Operating profits at The Irish Times group fell to £9.95 million (€12.63 million) for 1999 from £12.76 million, despite a strong increase in revenue from advertising. Profits were depressed by a sharp rise in costs, which increased to £64.25 million from £54.32 million. After investment income - down to £1 million from £1.37 million - the group reported pre-tax profits of £10.96 million for 1999, down from £14.13 million the previous year.
At the end of 1999, the group had reserves of £50.78 million. These funds, together with ongoing cash flow from operations, will be invested over the next two to three years to provide a printing plant at Citywest, west Dublin, at a projected cost of £45 million, and upgrading production technology which will cost about £8 million.
A breakdown of costs shows while "people costs" were 9.5 per cent higher at £31.29 million and newsprint costs were 11 per cent ahead at £5.89 million, "other costs" jumped by 33 per cent or almost £7 million to £27.07 million. Managing director Mr Nick Chapman said this figure included "project and change costs" which he declined to break down but described as "an investment in the future". It included some costs associated with the new printing plant under construction at Citywest and new union agreements to facilitate changes in working arrangements, he said. Another factor accounting for the rise in "other costs" was a £1 million increase in the group libel provision to £1.4 million. "Like all newspapers, we are having to account for much higher costs on libel given the current state of libel legislation, which needs to change," he said. The annual report shows a 21 per cent rise to £2.25 million in executive director remuneration including pension contributions, reflecting pay increases and an increase in the number of executive directors.

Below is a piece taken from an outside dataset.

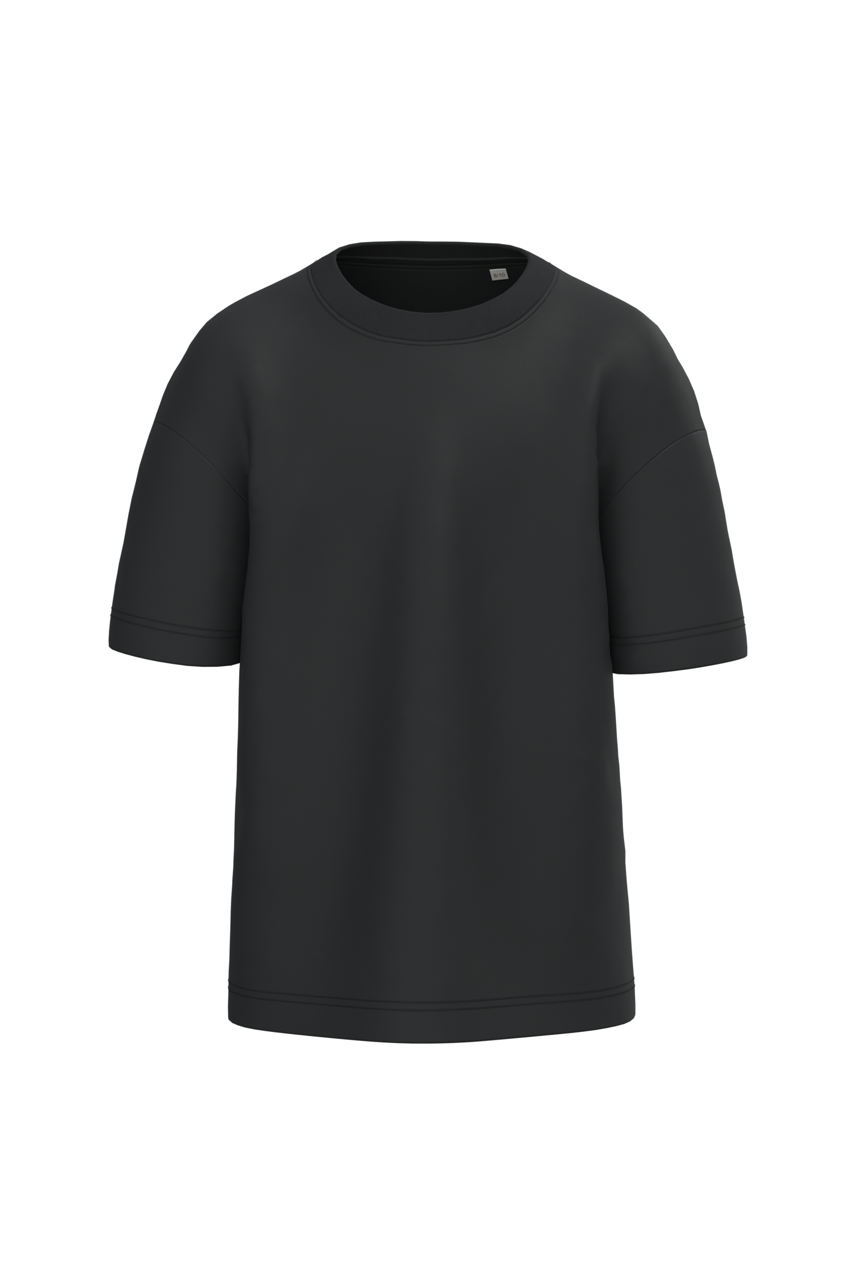 100% coton biologique. Coton peigné. Coupe oversize à épaules tombantes. Lavé aux enzymes. Coutures latérales. Bord côte col 1 x 1. Finition intérieur col avec bande de propreté en matière principale ton sur ton. Renfort épaule. Ourlet double surpiqûres bas de manches et de vêtement.

On people costs - largely wages and salaries and including the impact of an increase in the numbers employed to 807 from 743 - he said he would be concerned if "the business suffered from undue wage inflation because that would reduce competitiveness". Mr Chapman said costs across the board need to be carefully monitored in a market where competition is increasing. Group revenue was 10.6 per cent ahead at £74.2 million, boosted by a 15 per cent rise in advertising revenue to £48.4 million with strong performances in a buoyant market across all advertising categories.
A breakdown of performance within the group shows The Irish Times newspaper produced an operating profit of £10.44 million, down from £12.89 million, while at The Irish Field operating profit fell to £97,000 from £175,000. Operating profits from subsidiaries Itronics and ICPC jumped to £703,000 from £446,000. But losses in the developing new media area, which includes Ireland.com, rose to £1.28 million from £749,000. Mr Chapman emphasised the dependence of the group on continued growth in advertising revenue. Stating that the development of new media would continue to require funds, he stressed that because of its unique ownership structure the group was in a position to take a long-term view on its new media investment.
He rejected any suggestion that the Citywest investment should be partially funded through borrowings rather than from reserves. "Why pay interest when we have the funds available?" he asked. But he accepted that the group needed to introduce better measures of return on investment which would incorporate factors such as cost of capital.
On staff concern about the quality of the group pension scheme, he said he was committed to improving the plan and was negotiating with the unions to have an improved plan in place by January 2001. In addition, he said, staff would benefit from the future success of the business through planned profit-sharing schemes. Mr Chapman, who became managing director last October, said the future looked "reasonably secure". "We are investing to ensure that the core business remains competitive - investing in marketing, new technology and the new printing press. That is aimed at maintaining our position in the marketplace and ensuring revenue growth. "And we are investing in developing our new media capabilities. New media revenue and profitability is at this stage a great unknown. Usage is the best measure at the moment and our usage figures are growing very strongly".
But he warned that in an increasingly competitive market, with new entrants and new media expected to target the traditional players, The Irish Times was going to have to change more quickly. "Jobs will change. We have to work more effectively and efficiently as the environment changes. We have to manage this with staff and the unions so that the organisation can successfully change. On the way there will be some difficult decisions which we will have to sort out together". He declined to be drawn on the implications for jobs at the group.